* Exercise brief
Using the listing below, set down each line from the line containing "频段功率减小和 θ 频段功率增大等变化可以作为认知负荷识别的指标。" through the line containing "小阪 ろいさんを姓名の画数から五運を鑑定", both ends included, exactly and with nothing added.

═════ Available records

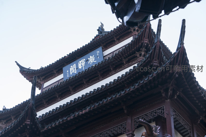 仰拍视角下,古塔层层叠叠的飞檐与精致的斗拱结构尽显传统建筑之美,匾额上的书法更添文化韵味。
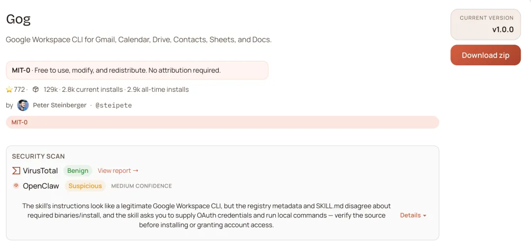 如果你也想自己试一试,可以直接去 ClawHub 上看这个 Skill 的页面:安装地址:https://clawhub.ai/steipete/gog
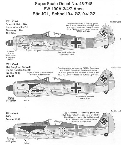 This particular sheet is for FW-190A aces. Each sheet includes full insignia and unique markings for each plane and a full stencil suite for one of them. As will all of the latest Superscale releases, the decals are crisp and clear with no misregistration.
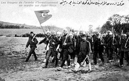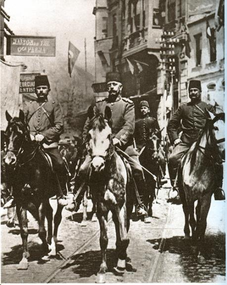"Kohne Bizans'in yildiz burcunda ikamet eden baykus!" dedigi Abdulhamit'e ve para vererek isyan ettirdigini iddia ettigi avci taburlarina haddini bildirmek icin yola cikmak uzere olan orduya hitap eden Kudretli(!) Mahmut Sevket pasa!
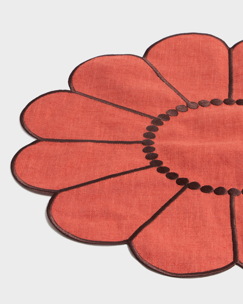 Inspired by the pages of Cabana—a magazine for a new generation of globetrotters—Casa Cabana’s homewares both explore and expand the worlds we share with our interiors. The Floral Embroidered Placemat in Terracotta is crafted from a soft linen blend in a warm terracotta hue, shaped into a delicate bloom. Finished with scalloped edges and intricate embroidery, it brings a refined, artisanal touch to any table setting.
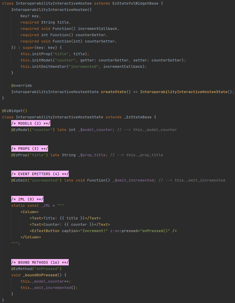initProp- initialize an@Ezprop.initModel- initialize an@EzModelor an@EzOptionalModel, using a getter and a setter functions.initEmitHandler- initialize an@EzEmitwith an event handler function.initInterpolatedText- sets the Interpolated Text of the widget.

══════════
═════ Available records

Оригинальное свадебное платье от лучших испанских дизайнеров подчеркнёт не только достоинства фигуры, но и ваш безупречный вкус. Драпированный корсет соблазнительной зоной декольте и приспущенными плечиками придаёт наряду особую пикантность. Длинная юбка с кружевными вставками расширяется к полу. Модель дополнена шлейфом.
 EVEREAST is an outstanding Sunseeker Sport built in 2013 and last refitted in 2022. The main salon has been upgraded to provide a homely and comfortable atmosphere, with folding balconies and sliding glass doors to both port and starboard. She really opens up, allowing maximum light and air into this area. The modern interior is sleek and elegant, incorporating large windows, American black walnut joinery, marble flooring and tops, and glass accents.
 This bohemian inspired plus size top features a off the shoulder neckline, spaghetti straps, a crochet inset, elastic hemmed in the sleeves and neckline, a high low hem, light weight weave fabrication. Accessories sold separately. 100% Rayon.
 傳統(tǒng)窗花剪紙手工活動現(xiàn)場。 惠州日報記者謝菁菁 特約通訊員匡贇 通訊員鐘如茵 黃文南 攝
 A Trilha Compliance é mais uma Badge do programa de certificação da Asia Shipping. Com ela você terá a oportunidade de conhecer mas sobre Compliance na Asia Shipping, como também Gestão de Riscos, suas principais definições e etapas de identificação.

══════════
═════ Available records

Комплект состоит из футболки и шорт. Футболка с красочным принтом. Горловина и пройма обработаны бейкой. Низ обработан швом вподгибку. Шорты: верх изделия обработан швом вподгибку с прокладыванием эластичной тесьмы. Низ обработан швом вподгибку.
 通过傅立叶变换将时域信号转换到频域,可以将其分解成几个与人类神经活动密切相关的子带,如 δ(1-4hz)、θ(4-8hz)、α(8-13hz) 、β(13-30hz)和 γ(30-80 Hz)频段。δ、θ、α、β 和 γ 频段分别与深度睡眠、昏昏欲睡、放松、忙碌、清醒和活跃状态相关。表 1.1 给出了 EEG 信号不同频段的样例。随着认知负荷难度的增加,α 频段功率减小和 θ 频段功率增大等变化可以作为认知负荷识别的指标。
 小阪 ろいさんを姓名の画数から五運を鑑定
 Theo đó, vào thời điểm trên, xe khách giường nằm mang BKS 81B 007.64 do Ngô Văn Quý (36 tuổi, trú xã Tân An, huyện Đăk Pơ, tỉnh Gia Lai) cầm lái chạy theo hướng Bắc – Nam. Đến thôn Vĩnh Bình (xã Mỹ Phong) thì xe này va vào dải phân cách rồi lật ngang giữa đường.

══════════

* Solution to this task
 通过傅立叶变换将时域信号转换到频域,可以将其分解成几个与人类神经活动密切相关的子带,如 δ(1-4hz)、θ(4-8hz)、α(8-13hz) 、β(13-30hz)和 γ(30-80 Hz)频段。δ、θ、α、β 和 γ 频段分别与深度睡眠、昏昏欲睡、放松、忙碌、清醒和活跃状态相关。表 1.1 给出了 EEG 信号不同频段的样例。随着认知负荷难度的增加,α 频段功率减小和 θ 频段功率增大等变化可以作为认知负荷识别的指标。
 小阪 ろいさんを姓名の画数から五運を鑑定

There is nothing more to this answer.